• WHAT THIS TASK INVOLVES: Pictures excluded, output exactly the lines from the one containing "Text Me Baskılı" through the last line of the listing below.

• DATASET EXCERPT:

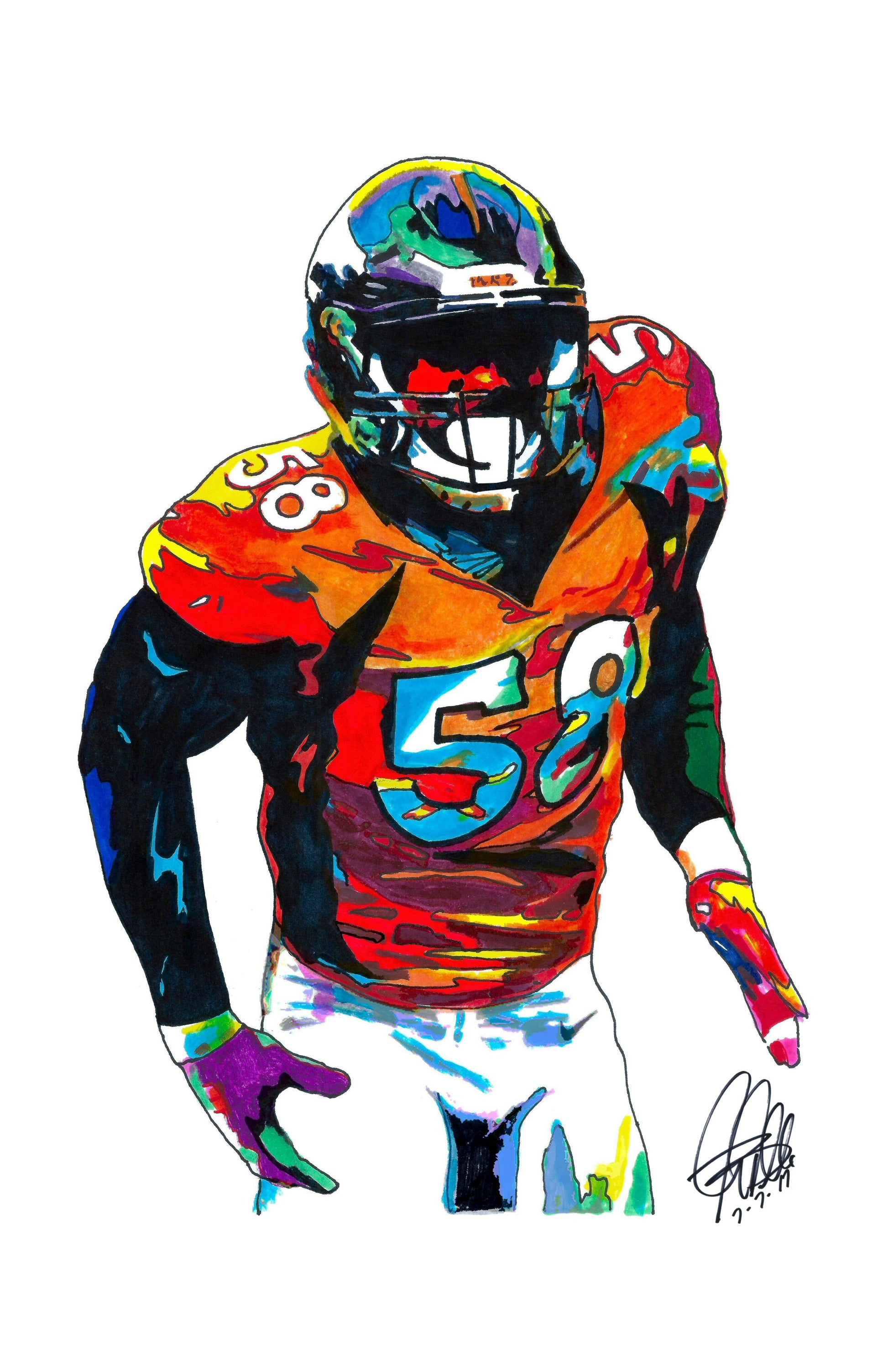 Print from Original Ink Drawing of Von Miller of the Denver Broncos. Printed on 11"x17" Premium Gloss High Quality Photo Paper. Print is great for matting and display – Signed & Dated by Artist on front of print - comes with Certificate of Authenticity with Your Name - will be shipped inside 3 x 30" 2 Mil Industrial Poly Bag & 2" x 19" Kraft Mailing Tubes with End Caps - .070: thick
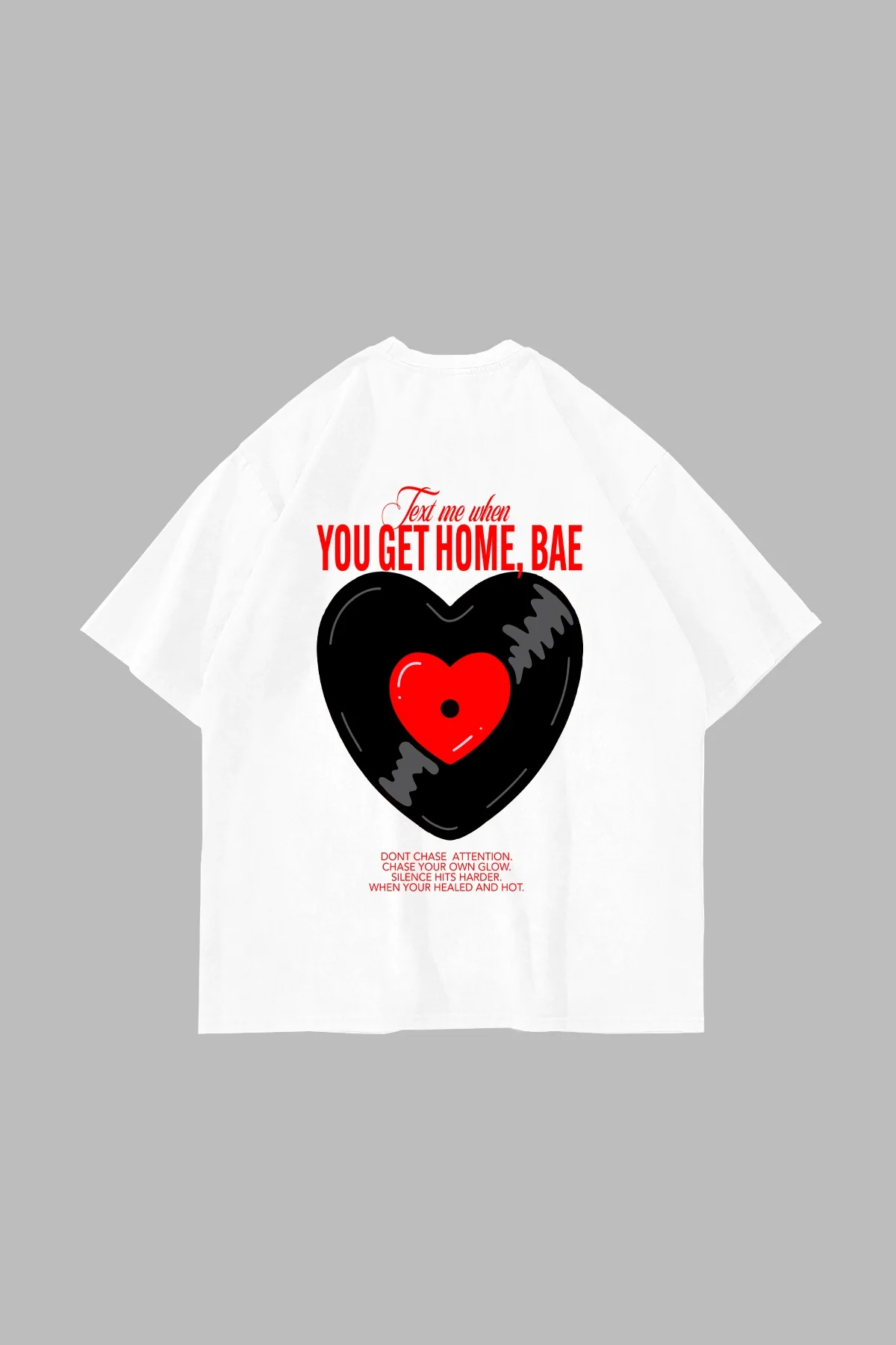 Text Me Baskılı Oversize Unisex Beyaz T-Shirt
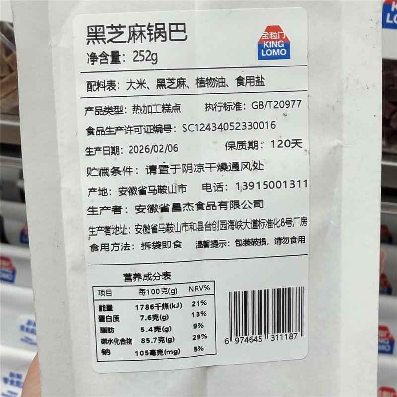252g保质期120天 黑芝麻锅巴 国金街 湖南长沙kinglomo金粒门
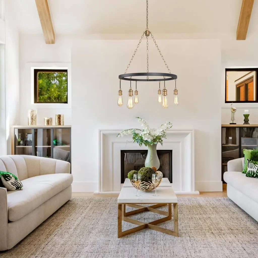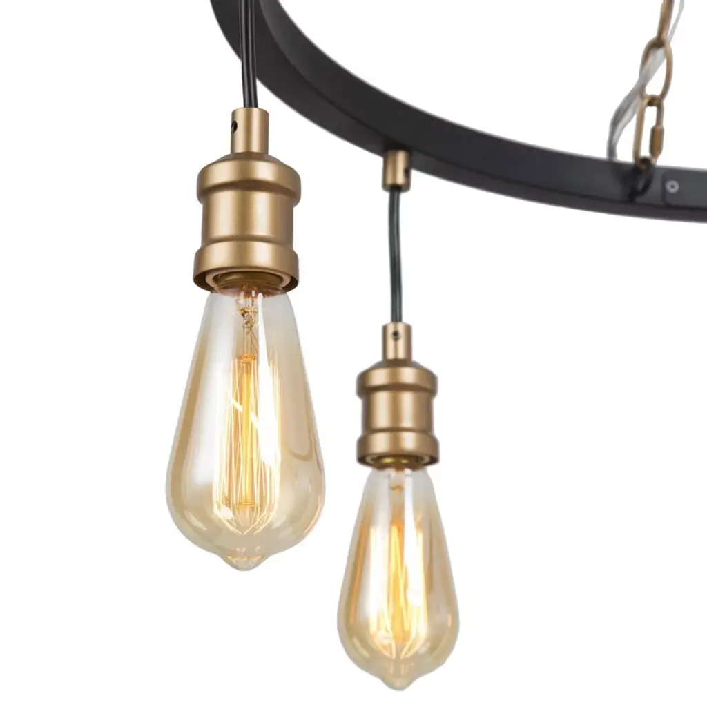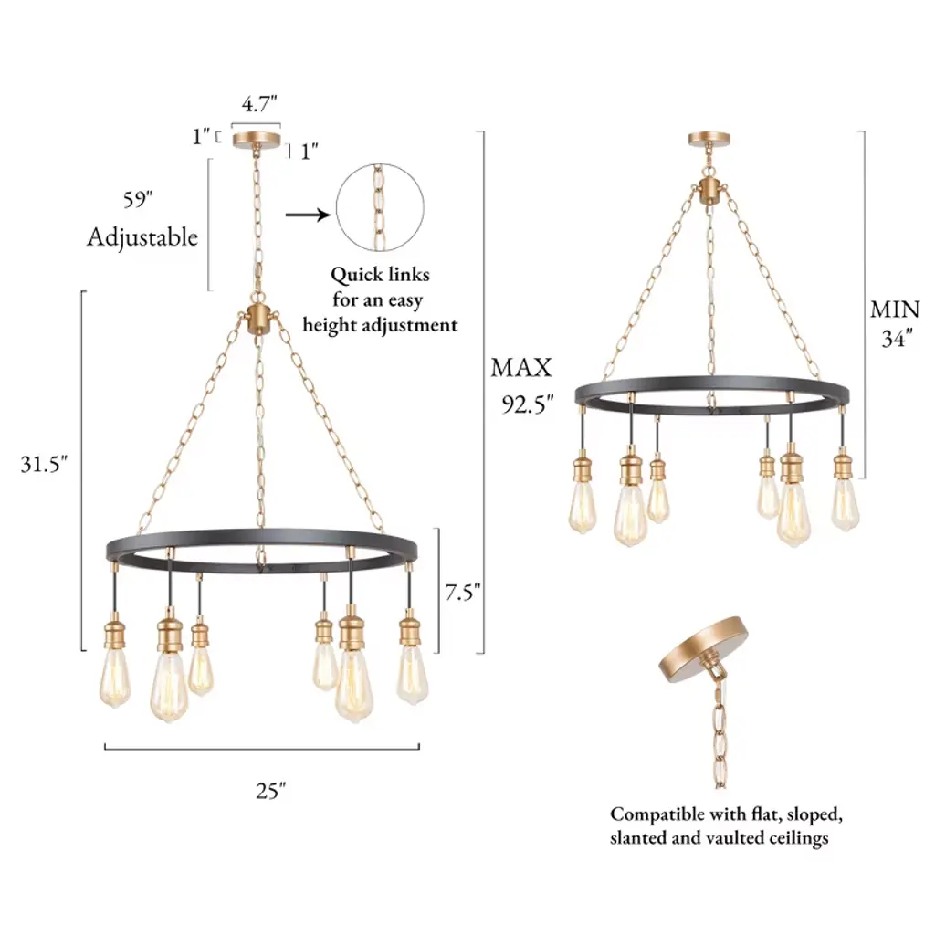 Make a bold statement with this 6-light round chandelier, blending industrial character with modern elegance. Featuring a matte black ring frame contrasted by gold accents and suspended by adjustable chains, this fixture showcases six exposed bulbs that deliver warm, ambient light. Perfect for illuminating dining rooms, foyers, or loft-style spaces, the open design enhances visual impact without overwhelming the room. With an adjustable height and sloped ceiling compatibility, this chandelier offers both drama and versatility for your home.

• ANSWER TO THE EXERCISE:
 Text Me Baskılı Oversize Unisex Beyaz T-Shirt
252g保质期120天 黑芝麻锅巴 国金街 湖南长沙kinglomo金粒门
 Make a bold statement with this 6-light round chandelier, blending industrial character with modern elegance. Featuring a matte black ring frame contrasted by gold accents and suspended by adjustable chains, this fixture showcases six exposed bulbs that deliver warm, ambient light. Perfect for illuminating dining rooms, foyers, or loft-style spaces, the open design enhances visual impact without overwhelming the room. With an adjustable height and sloped ceiling compatibility, this chandelier offers both drama and versatility for your home.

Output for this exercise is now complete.